Thanks for the reply's, I have tried all of them. These are some that will scare you with the upfront price but I've been using them for about 10 months, only used 4 so far very impressed I recommend looking them up. Rio Max360. I was just curious if anybody here used them, but thanks for the reply's guys. With these tubs you want need any loose mineral, just loose salt.


----------



## Tx Jim (Jun 30, 2014)

I utilize liquid feed named Mix-30. Last I purchased was $0.15 per #


----------



## MScowman (May 18, 2011)

Tx Jim said:


> I utilize liquid feed named Mix-30. Last I purchased was $0.15 per #


I know it well, have you calculated cost per head per day yet?


----------



## Tx Jim (Jun 30, 2014)

No I know I'm loosing $$$$$ on my cows so I don't want to give my old ticker a major shock? I'll see if I can figure it out.


----------



## Tx Jim (Jun 30, 2014)

I hope my elementary math taught in a 3 room school house is correct!!
I had tub filled on 4/02/21 for $350. there appears to be about 1/3 still in tub. I had 12 pair & bull licking Mix-30. So $350 ÷3X2=$266÷13 head= $20.46÷180 days= $0.11366 per day per grown cattle


----------



## Balerguy75 (Jul 25, 2021)

Never used Rio Max. The ppl selling it annoyed me with high pressure sales. Started on sweet pro last year and have been happy with the consumption and cost.
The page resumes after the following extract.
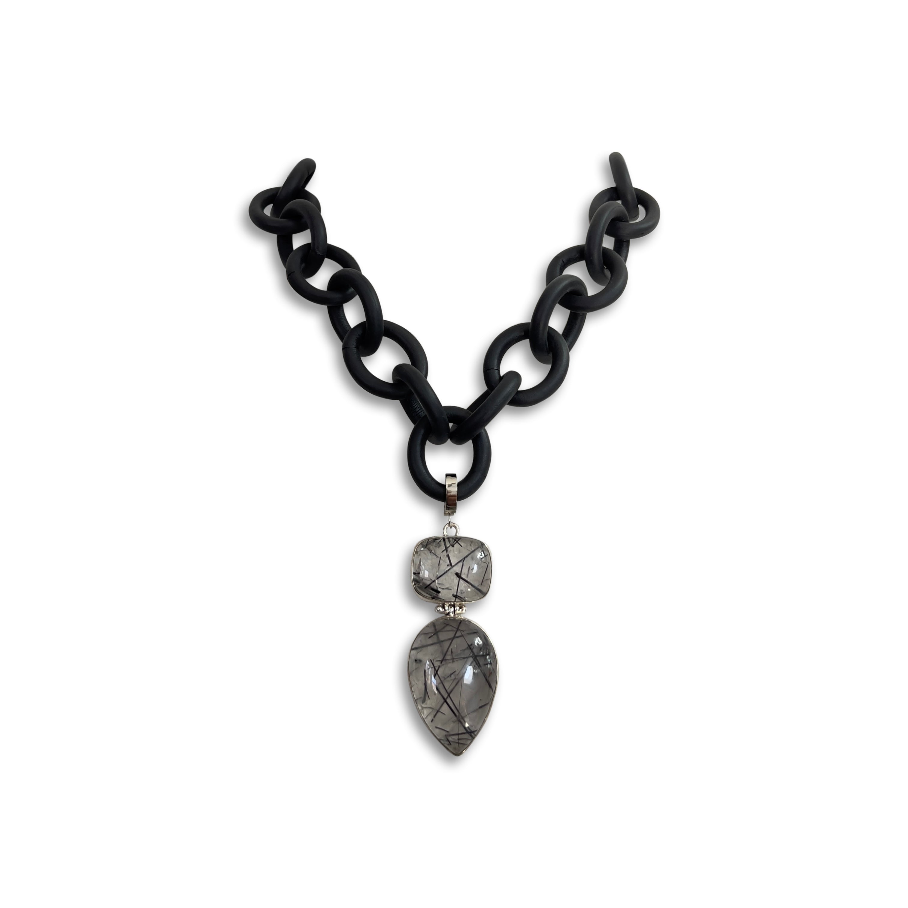 BLACK RUBBER NECKLACE WITH PENDENT BEZEL SET IN SILVER WITH TWO RUTILATED QUARTZ STONES.

In the winter we feed tubs for mineral as being it’s cold the cattle will always eat more if given to them so it seems that with the dry mineral they overeat with them looking for dry matter.
Summer we feed dry mineral


----------



## CowboyRam (Dec 13, 2015)

I fence lined weaned my calves on the Sweetpro cattle kandy, and fed seconding cutting alfalfa. were weaned in the middle of November and sold in January about 45 days after weaning. My gain for the 45 days was a little over a 1.25 pounds per day. They were consuming about 1.2 pounds per day, and about 900 pounds of hay per day for 61 head.


----------